The Derivative Function

A series of text problems in section 2.3 task for graphs of the derivatives of pictured functions. One such function is shown below. We wish to graph the derivative of the function whose graph is shown in blue.

We first orient ourselves to the situation by noting that the derivative is represented by the slope of the graph. So we need to determine things like for the slope is positive, where it is negative, where it is 0, where its magnitude is large and where its magnitude is small.

We first note that the slope seems to be 0 at two points, one where the graph seems to level off as it decreases before continuing to decrease further, and once where he reaches its minimum altitude. These points lie along the vertical dotted red lines. To the right of the second dotted red line the graph is increasing so the derivative must be positive. To the left of this line, except at the first dotted red line, the graph is decreasing so the slope is negative, and we conclude that the derivative is therefore negative.

We note that as we move from left a right, the slope of the graph begins is a large negative slope, corresponding to a large negative derivative. The slope becomes less and less drastic, gradually approaching 0 while still remaining negative. This is expressed on the graph of the derivative shown in green below the blue graph: the value of the derivative starts with a relatively large negative value, and gradually approaches 0.

After first reaching zero, the derivative again becomes negative, approaching a maximal steepness corresponding to a large negative value of the derivative before returning to 0 again at the low point of the blue graph. This is indicated by the green graph, which declines to a minimum value corresponding to the point of the blue graph's maximum negative steepness, then back to 0.

The slope of the blue graph then increases, corresponding to an increasing derivative and an increase in the values represented by the derivative graph.

Graph of function and derivative.

If we think of the graph of the original function as representing the depth of water in a cylinder as a function of clock time, we see that the water level starts out by decreasing rapidly, then less and less rapidly until it momentarily stops, only to begin decreasing again more and more rapidly for a time. The rate of decrease then slows and the decrease eventually stops, giving way to a gradually increasing rate of depth increase.

The blue graph shows this behavior by its slopes. The green graph shows this behavior by its vertical coordinate. It is possible to look at either graph and follow the above description. You should do so, and observe how the graphs give you identical information about the rates at which depth changes.

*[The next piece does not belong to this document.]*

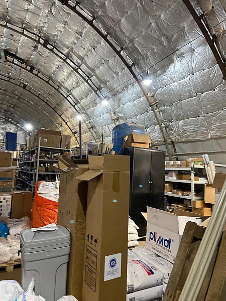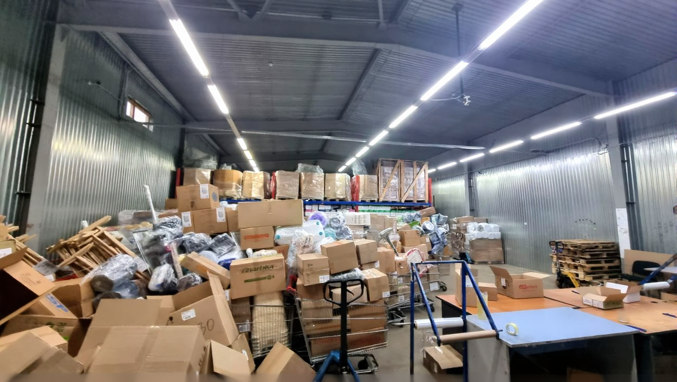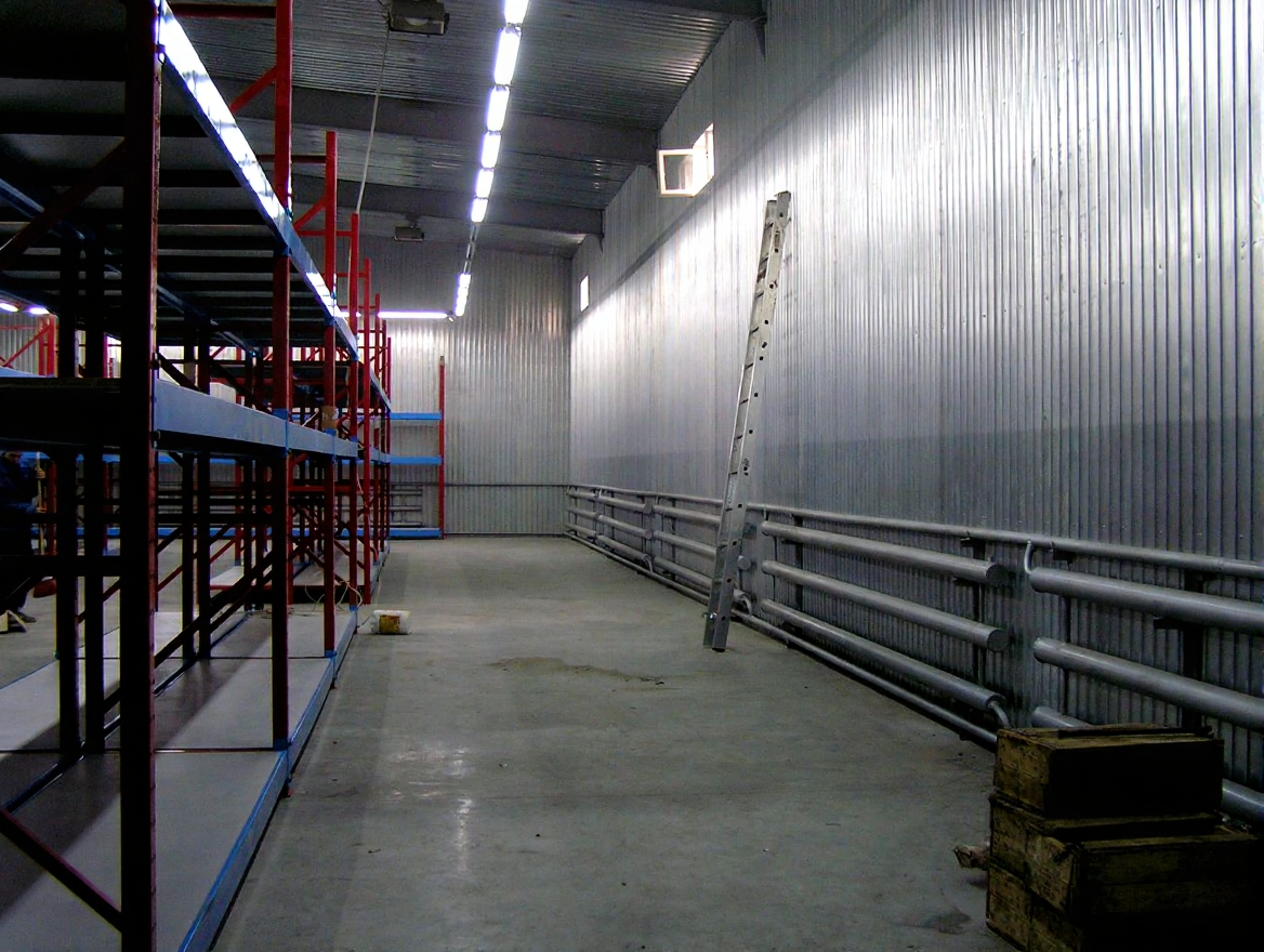 Теплый склад, оборудован противопыльными полами. Наличие стеллажей (на фото) + дополнительные полки и стойки (по необходимости). Удобный доступ автотранспорта к воротам и наличие двух входов обеспечивают легкую погрузку и разгрузку. Находится на охраняемой территории установлено видеонаблюдение.

If we wish to graph the derivative function f'(x) corresponding to the function f(x) whose graph is given in blue below, we note that the slope begins as positive and gradually decreases to 0 at the high point of the graph before decreasing into increasingly large negative values.

As a result the graph of f'(x) will be decreasing. If f(x) has a parabolic graph then it is quadratic and its derivative will be linear, and the graph of f'(x) might well look like the one shown. If f(x) is not quadratic then the graph of f'(x) will not be linear, but it will still decrease from upper left to lower right.

Parabolic graph with linear derivative function.

A depth vs. time interpretation of the graph of f(x) reveals an initially rapid increase in depth. The rate of increase gradually slows as the depth approaches its maximum value, after which the depth decreases at a steadily increasing rate. The same description can be red with the f'(x) graph, where it is understood that the y values represent rates of change of depth.

Video Clip #1

The table below for f(x) vs. x can be used to obtain an approximate set of values for f'(x). For each x interval we calculate `dy / `dx, where `dy is the change in the value of the function f(x). We did this with our depth vs. time data. The most appropriate x value to associate with each `dy / `dx, at least in first approximation, is xMid, the midpoint between the two x values between which the average rate was calculated. Our table thus shows f'(xMid) vs. xMid, and these columns are plotted in the f'(x) graph to the right.

The values of f'(x) corresponding to each of the given x values could be estimated by sketching a smooth curve through the points of the f'(x) graph and using this curve as a basis for the estimates.

Table of f(x) vs. x values. The graph of average slope vs. midpoint x value is an approximate graph of the derivative function.

Video Clip #2

A text problem asked for a graph of the function which had it positive derivative between -`pi / 2 and `pi / 2, derivative zero at these two x values, and negative derivative from -`pi to -`pi /2, and from `pi/2 to `pi. To sketch such a graph we might start at -`pi and sketch a curve with an initial negative slope which then gradually approaches 0 at -`pi / 2. The slope then becomes positive and the graph increases until it again levels off at `pi / 2, after which the graph decreases at least until we reach `pi.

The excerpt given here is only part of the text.